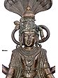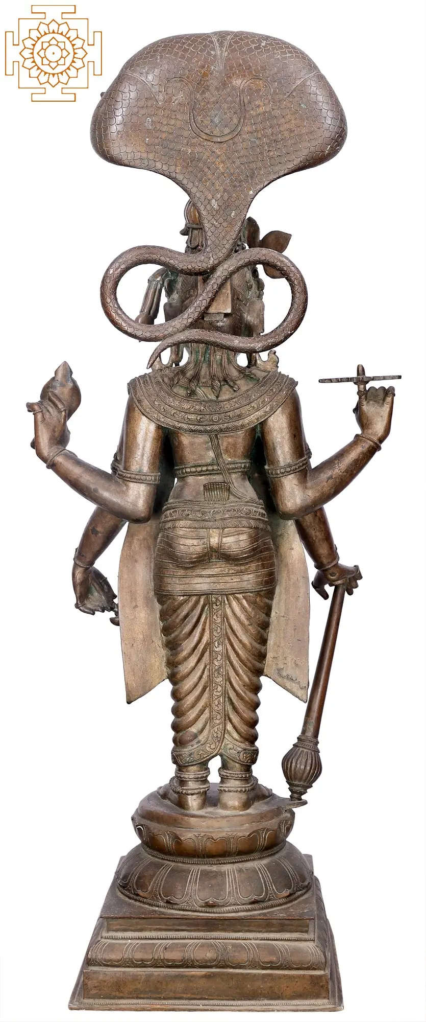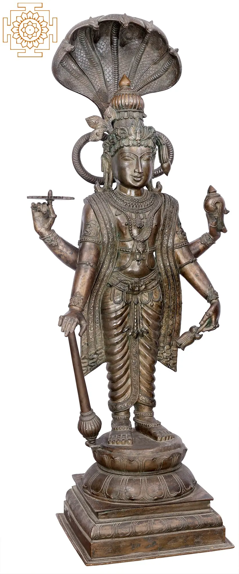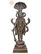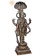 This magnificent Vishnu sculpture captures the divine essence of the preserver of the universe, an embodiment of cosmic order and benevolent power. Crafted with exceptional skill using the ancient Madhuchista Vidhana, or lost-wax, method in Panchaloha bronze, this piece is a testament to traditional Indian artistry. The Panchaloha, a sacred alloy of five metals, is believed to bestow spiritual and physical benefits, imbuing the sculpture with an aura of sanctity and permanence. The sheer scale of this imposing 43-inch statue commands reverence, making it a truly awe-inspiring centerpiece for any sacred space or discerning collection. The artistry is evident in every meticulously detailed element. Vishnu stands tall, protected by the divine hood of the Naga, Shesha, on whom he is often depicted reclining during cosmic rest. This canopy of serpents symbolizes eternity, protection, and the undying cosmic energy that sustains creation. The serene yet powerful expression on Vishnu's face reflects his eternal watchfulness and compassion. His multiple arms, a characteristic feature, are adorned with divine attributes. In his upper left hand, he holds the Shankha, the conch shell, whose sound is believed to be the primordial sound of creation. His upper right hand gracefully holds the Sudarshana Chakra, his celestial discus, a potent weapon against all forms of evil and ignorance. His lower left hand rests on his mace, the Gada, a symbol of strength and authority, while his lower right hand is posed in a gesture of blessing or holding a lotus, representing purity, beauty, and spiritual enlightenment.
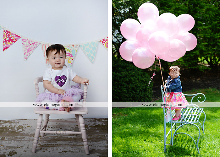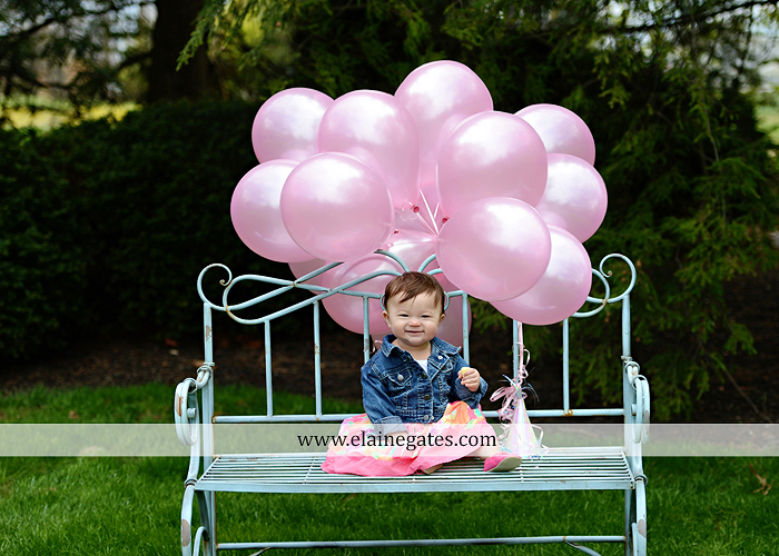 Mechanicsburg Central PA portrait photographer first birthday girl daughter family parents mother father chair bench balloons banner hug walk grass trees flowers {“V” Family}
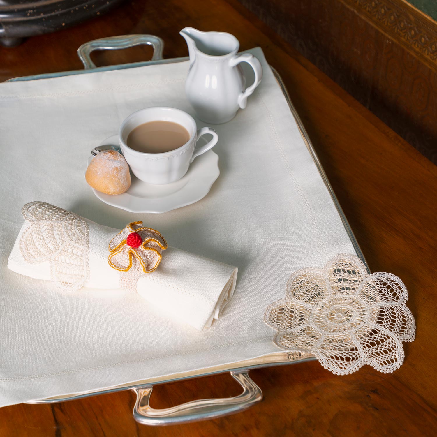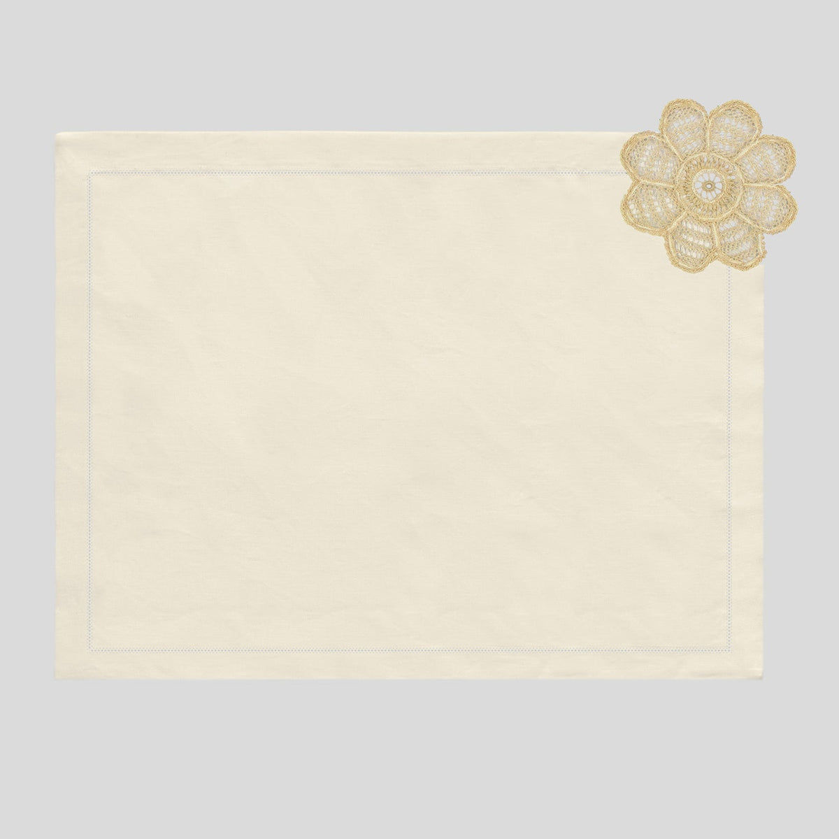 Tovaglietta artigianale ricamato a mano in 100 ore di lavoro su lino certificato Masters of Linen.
----
Set down the material above word for word and skip its pictures.

◆ Output below
 This magnificent Vishnu sculpture captures the divine essence of the preserver of the universe, an embodiment of cosmic order and benevolent power. Crafted with exceptional skill using the ancient Madhuchista Vidhana, or lost-wax, method in Panchaloha bronze, this piece is a testament to traditional Indian artistry. The Panchaloha, a sacred alloy of five metals, is believed to bestow spiritual and physical benefits, imbuing the sculpture with an aura of sanctity and permanence. The sheer scale of this imposing 43-inch statue commands reverence, making it a truly awe-inspiring centerpiece for any sacred space or discerning collection. The artistry is evident in every meticulously detailed element. Vishnu stands tall, protected by the divine hood of the Naga, Shesha, on whom he is often depicted reclining during cosmic rest. This canopy of serpents symbolizes eternity, protection, and the undying cosmic energy that sustains creation. The serene yet powerful expression on Vishnu's face reflects his eternal watchfulness and compassion. His multiple arms, a characteristic feature, are adorned with divine attributes. In his upper left hand, he holds the Shankha, the conch shell, whose sound is believed to be the primordial sound of creation. His upper right hand gracefully holds the Sudarshana Chakra, his celestial discus, a potent weapon against all forms of evil and ignorance. His lower left hand rests on his mace, the Gada, a symbol of strength and authority, while his lower right hand is posed in a gesture of blessing or holding a lotus, representing purity, beauty, and spiritual enlightenment.
 Mechanicsburg Central PA portrait photographer first birthday girl daughter family parents mother father chair bench balloons banner hug walk grass trees flowers {“V” Family}
 Tovaglietta artigianale ricamato a mano in 100 ore di lavoro su lino certificato Masters of Linen.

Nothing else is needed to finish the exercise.